我觉得这找的其实是关系。关系信息通常是不容易改变的。

原来在这个PDG中,边是有两种类型的,数据依赖和控制依赖。 它的每个vertex又包括一些属性: vertext id, vertex type, source code 但还是没有解释vertex的属性是怎么确定的。

原来图同构有这么严格的定义。其实是四元组中的四个元素都要满足一定规则下的“同构”。这个已经有点烧脑了。

这里有个gamma-同构,表示的应该是同构子图的节点数大于一个阈值的同构

抄袭伪装手段

3.1 plagiarism disguises 抄袭伪装 它这里用Linux发行版代码中的一个工具join做例子,这个例子是一个667行的C语言源程序。其中,make_blank is one of the entire 17 procedures(这里就把procedure子过程 当做函数)。然后自己做了一个抄袭代码,

其中包含了如下伪装手段:

  1. format alteration (FA): insert and remove blanks and comments
  2. identifier renaming (IR): identifier names can be consistently changed without violating program correctness. Identifier renaming can confuse human beings, but is almost futile to detection tools.
  3. statement reordering (SR): some statements can be reordered without causing program errors.

  4. control replacement (CR): a for loop can be equivalently replaced by a while loop, or by an infinite while loop with a break statement, and vice versa.

  5. code insertion (CI): immaterial code can be inserted to disguise plagiarism, provided the inserted code does not interfere with the original program logic.
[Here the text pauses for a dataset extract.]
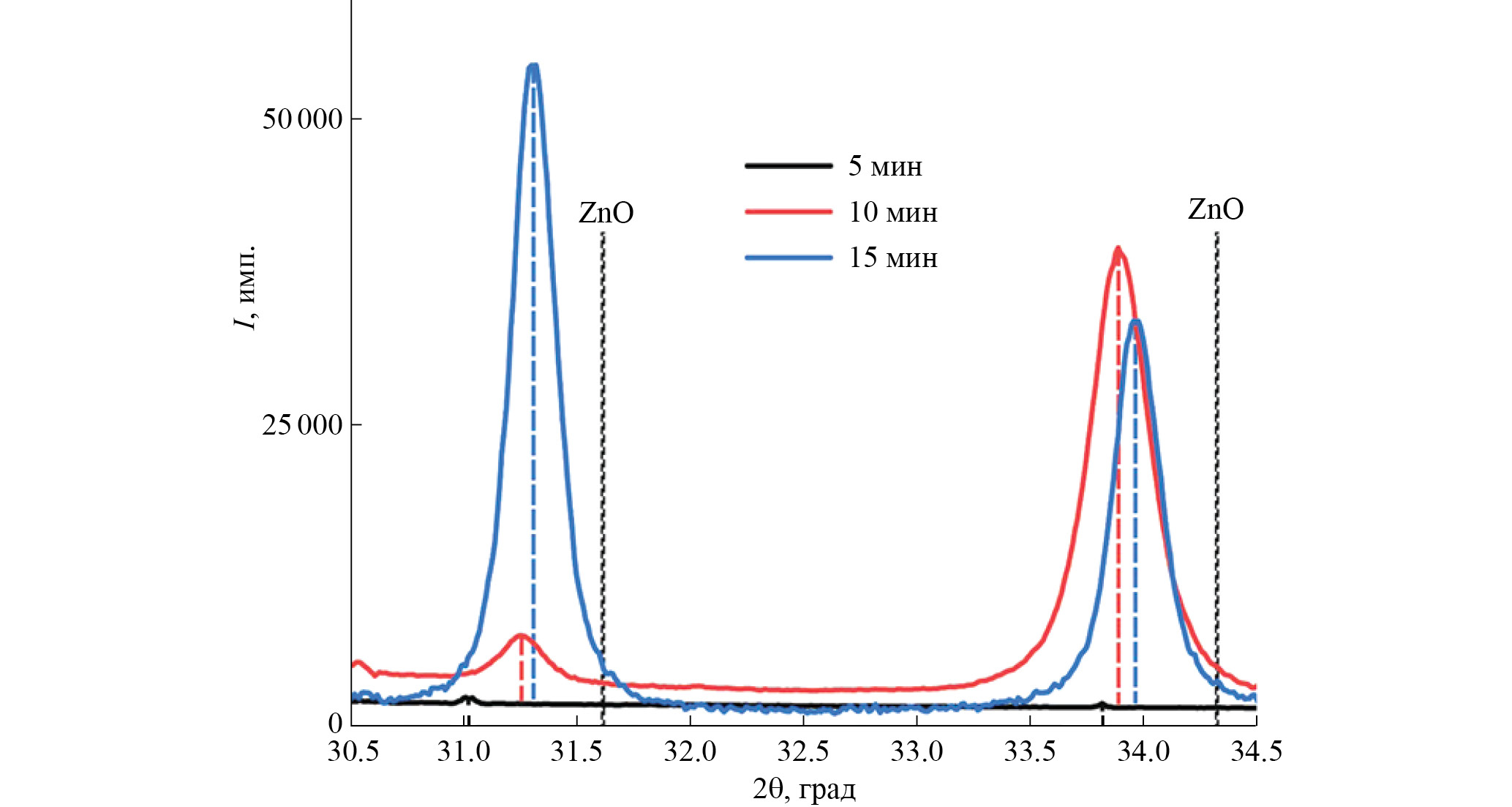 Рис. 3. Рентгеновские дифрактограммы микрокристаллов ZnO:Au в диапазоне углов 2θ = 30.5°–34.5°

接下来给出了一个review of plagiarism detection,这个可以我在之前的博客里有列出,这里就不写了。 string-based techniques: 注意这里是把一个语句(statement)作为一个string,不是你想象的把一个字符作为一个string。 下面是作者给出的对比

才理解,原来子图同构就是可以找局部相似的。

A detailed examination of the five kinds of disguises in section 3.1 reveals that while the disguises can significantly alter the source code and the induced token strings, they only insubstantially affect the PDGs…. these disguises will result in a PDG to which the original PDG is subgraph isomorphic.

我觉得,这个像是:文本层面已经面目全非,但PDG变化很微小(未变的部分能检测出子图同构),所以可以从PDG检测出改变。 下面具体分析上述5类disguise对PDG有什么影响

  1. format alteration and
  2. identifier renaming do not alter the PDG. 我觉得节点还是有差异的,不知道它这个同构怎么算
  3. statement reordering also leaves the PDG untouched.
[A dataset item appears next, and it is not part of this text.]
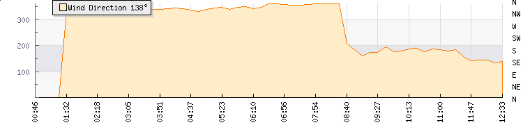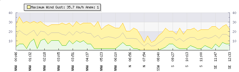 In the last few minutes the wind was North North West at an average speed of 19 kmh, reaching up to 27 kmh and a low of 10 kmh. The gust strength is17 kmh above the minimum speed |
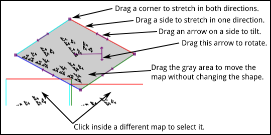Note that you can drag a side or corner of the map through the center of the map and to the other side. This has the effect of flipping the map over.

two or more statements can be reordered only when they are not bounded by dependencies. 这么说,PDG其实不表达statement之间的顺序执行关系了。

  1. control replacement generally leaves g’ identical to g.
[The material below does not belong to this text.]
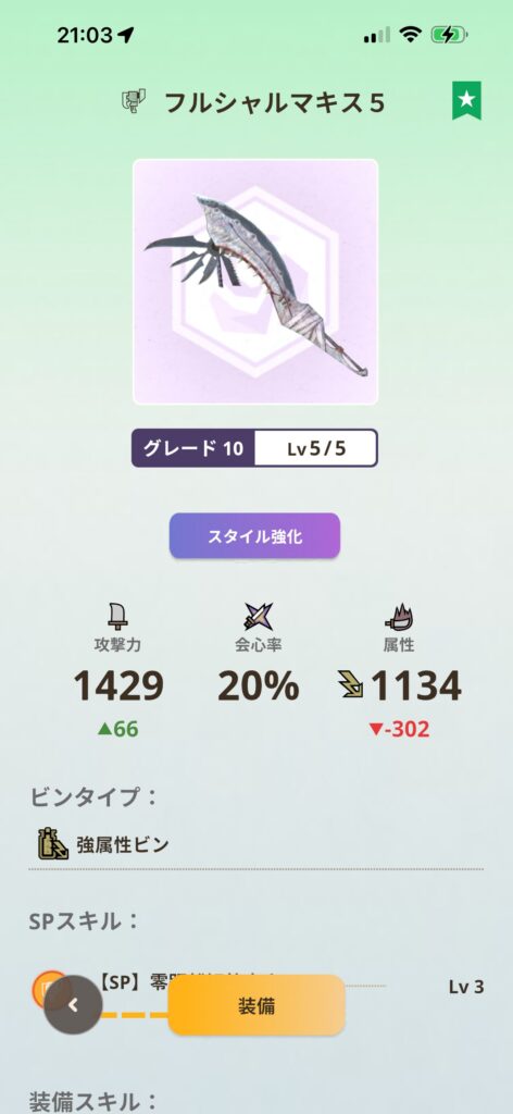 ところが、こちらも強化途中でスタイル強化が出来ないことに気付きました。ゴシャハギは登場したばっかりで次元変異モンスターがいません。しかし後戻りも出来ないため強化を続けることにしました。
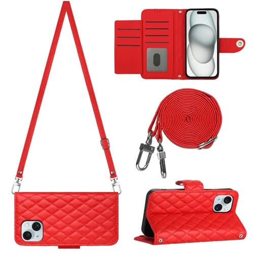 Funda para iPhone 14 Cuero con Tapa Textura Rómbica y Cordón Largo (Rojo)

  2. code insertion introduces new program vertices and/or dependencies into g’, dependign on what the inserted code does.

下面这段分析的思路值得借鉴

Therefore, the five kinds of disguises do not hamper the essential part of the original PDG, although they can significantly alter the code appearance and the induced token strings. In fact, the subgraph isomorphism just uncovers what disguises are applied. For example, … In comparison, we feed the two segments of code into both MOSS and JPlag, and neither of them recognized the similarity. This indicates that PDG-based analysis can detect tricky plagiarism that confuses the staet-of-the-art tools.

我的FCP可以用来做的(和PDG互补的)

  1. 系统层面粗略比较
  2. 顺序执行关系的比较

对于一些tricky的伪装手段,作者对图同构做了松弛操作,放宽了同构条件,新的同构称为gamma-isomorphic, gamma叫mature rate

对gamma值的设定,作者根据经验设为0.9,这个数字是假定PDG的变化超过10%就基本上需要重写代码了。

搜索空间剪枝的策略

4.3 Pruning plagiarism search space 4.3.1 lossless filter

  1. smaller than size K
  2. g’ < gamma g

4.3.2 lossy filter 这里用了属性计数的方法来做有损过滤(即有可能是FN,会降低召回率),这里的属性向量用的是各类vertex的计数值。 后面说用到了假设检验的方法,比传统的基于距离度量的方法有一些优势。这个假设检验的介绍如下:

The majoridea is that we first estimate a k-dimensional multinomial distribution Pg(θ1, θ2, · · · , θk) from h(g), and then consider whether h(g’) is likely to be an observation from Pg.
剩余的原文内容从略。